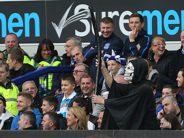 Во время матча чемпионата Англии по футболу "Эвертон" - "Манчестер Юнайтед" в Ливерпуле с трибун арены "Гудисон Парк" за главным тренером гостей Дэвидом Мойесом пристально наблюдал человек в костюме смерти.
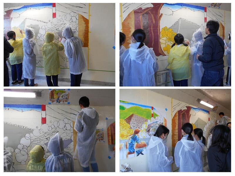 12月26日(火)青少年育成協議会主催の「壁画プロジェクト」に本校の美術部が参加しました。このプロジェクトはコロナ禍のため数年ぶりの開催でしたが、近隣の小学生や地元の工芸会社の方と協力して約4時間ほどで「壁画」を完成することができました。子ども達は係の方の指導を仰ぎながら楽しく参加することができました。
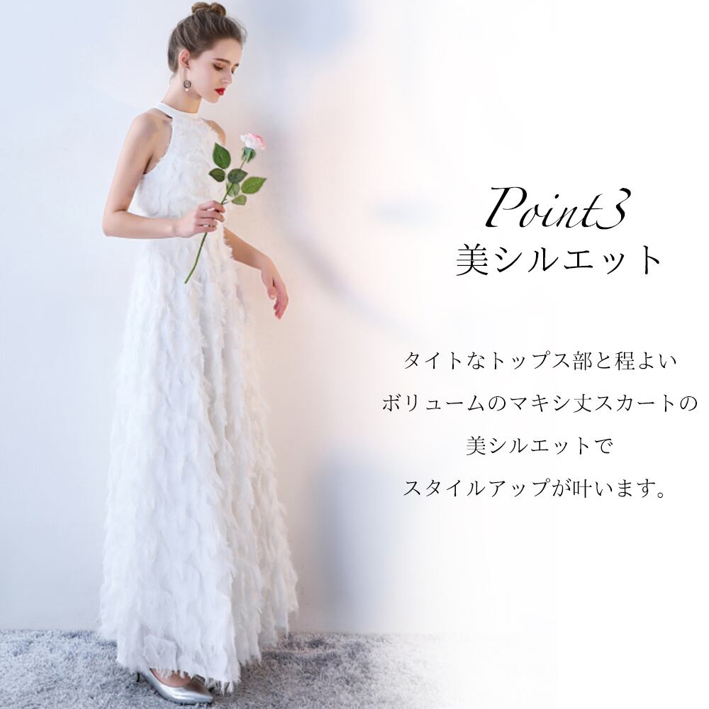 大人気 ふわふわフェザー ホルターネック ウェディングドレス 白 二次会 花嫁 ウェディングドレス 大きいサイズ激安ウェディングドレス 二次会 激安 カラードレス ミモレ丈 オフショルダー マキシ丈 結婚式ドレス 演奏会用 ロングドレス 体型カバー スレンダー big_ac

-- -- --

TASK DIRECTIONS: Transcribe the listing exactly; omit all images.

WRITTEN REPLY:
 Во время матча чемпионата Англии по футболу "Эвертон" - "Манчестер Юнайтед" в Ливерпуле с трибун арены "Гудисон Парк" за главным тренером гостей Дэвидом Мойесом пристально наблюдал человек в костюме смерти.
 12月26日(火)青少年育成協議会主催の「壁画プロジェクト」に本校の美術部が参加しました。このプロジェクトはコロナ禍のため数年ぶりの開催でしたが、近隣の小学生や地元の工芸会社の方と協力して約4時間ほどで「壁画」を完成することができました。子ども達は係の方の指導を仰ぎながら楽しく参加することができました。
 大人気 ふわふわフェザー ホルターネック ウェディングドレス 白 二次会 花嫁 ウェディングドレス 大きいサイズ激安ウェディングドレス 二次会 激安 カラードレス ミモレ丈 オフショルダー マキシ丈 結婚式ドレス 演奏会用 ロングドレス 体型カバー スレンダー big_ac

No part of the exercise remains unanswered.